In 1970, Senator William Proxmire despaired that “the failure of private enterprise to meet the legitimate needs of the poor is becoming a stain upon the American conscience.” Little thought was given to whether private credit could, in fact, remedy or even palliate poverty. Proxmire’s call to action engendered few changes. Double digit inflation in the seventies caused banks to shun small loans, and the subsequent wave of consolidation in banking has left large swaths of America “underbanked” or “unbanked,” with little to no access to the private banking system. In these banking deserts, most of which are in low-income communities of color, consumers resort to high interest purchasing plans to furnish their homes and keep up with the demands of twentieth — and twenty-first —century life.
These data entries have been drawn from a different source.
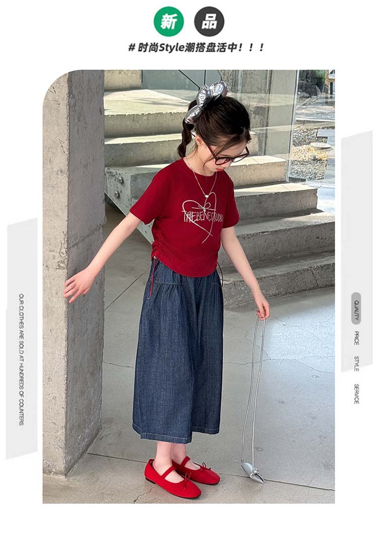 소녀의 세트 2025 새로운 여름 소녀의 세련된 드로우 스트링 짧은 사랑 티셔츠 청바지 투피스 세트스토어 가기
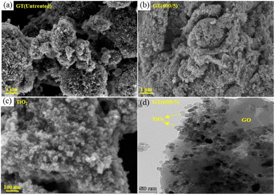 The morphologies of pure TiO2, GT(Untreated), and GT(600/5) were characterized using SEM images, as illustrated in Figure 5. Obviously, pure TiO2 nanoparticles in Figure 5c had tiny grain sizes but exhibited agglomeration and stacking phenomena. As shown in the composites, obvious differences were found between GT(Untreated) and GT(600/5), indicating changes in the surface morphology of the catalysts from the composite to the microwave-treated samples. Compared to the untreated sample in Figure 5a, the optimum sample in Figure 5b obviously exhibited less agglomeration of TiO2 particles and a relatively uniform distribution of TiO2 particles on GO, with abundant gullies and pores of different depths on the surface. Figure 5d presents a TEM image of GT(600/5), showcasing an even and tight dispersion of TiO2 nanoparticles across the GO substrate. This arrangement is advantageous for the creation of photogenerated charge carriers and increases the effective specific surface area, which is conducive to the photocatalytic degradation process.
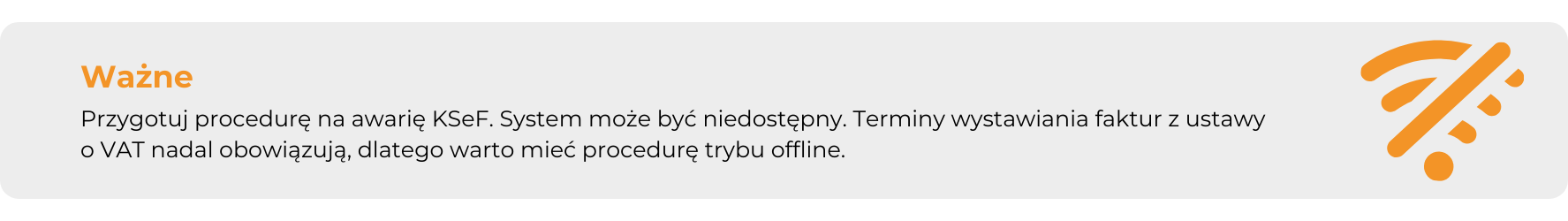 Przepisy przewidują określone tryby działania w sytuacjach awaryjnych, w tym możliwość wystawienia faktury w trybie offline i jej późniejszego przesłania do systemu. Jeżeli firma nie ma procedury na taką sytuację, może dojść do opóźnień i problemów z terminowością.

In a lucidly written legal history, Fleming demonstrates how Americans have attempted to deal with the challenges of sustaining consumption in a credit economy marked by high levels of inequality. Fleming argues that the small-sum lending industry did not “capture” the regulatory system, and that successful regulation emerges only when industry leaders acted in coalition with policymakers. Her evidence suggests this was indeed the case for the period leading up the the 1970s, when a dual commitment to Keynesian economic and poverty reduction schemes led policymakers to be both strict and sympathetic toward small-sum lenders. Things appear to have changed. Last week, the Trump-appointed chairman of the Consumer Financial Protection Bureau, Mick Mulvaney, enjoined bankers to ramp up their lobbying efforts. Mulvaney, who received half his campaign donations from the finance industry, promised at a meeting of the American Bankers’ Association to make the bureau “work not only for those who use consumer financial products and services but also for those who provide them.” The commitment to poverty-relief shares by progressive reformers also seems to have waned. Periodically, the idea of using the postal service as a banking system for the poor is revived, most recently by Kirsten Gillibrand. It bears asking whether the incremental reforms on private credit enumerated in Fleming’s book can pave the way to justice under capitalism, or whether this history provides evidence of the impossibility of such a task.
Erin Cully is a PhD candidate at the CUNY Graduate Center.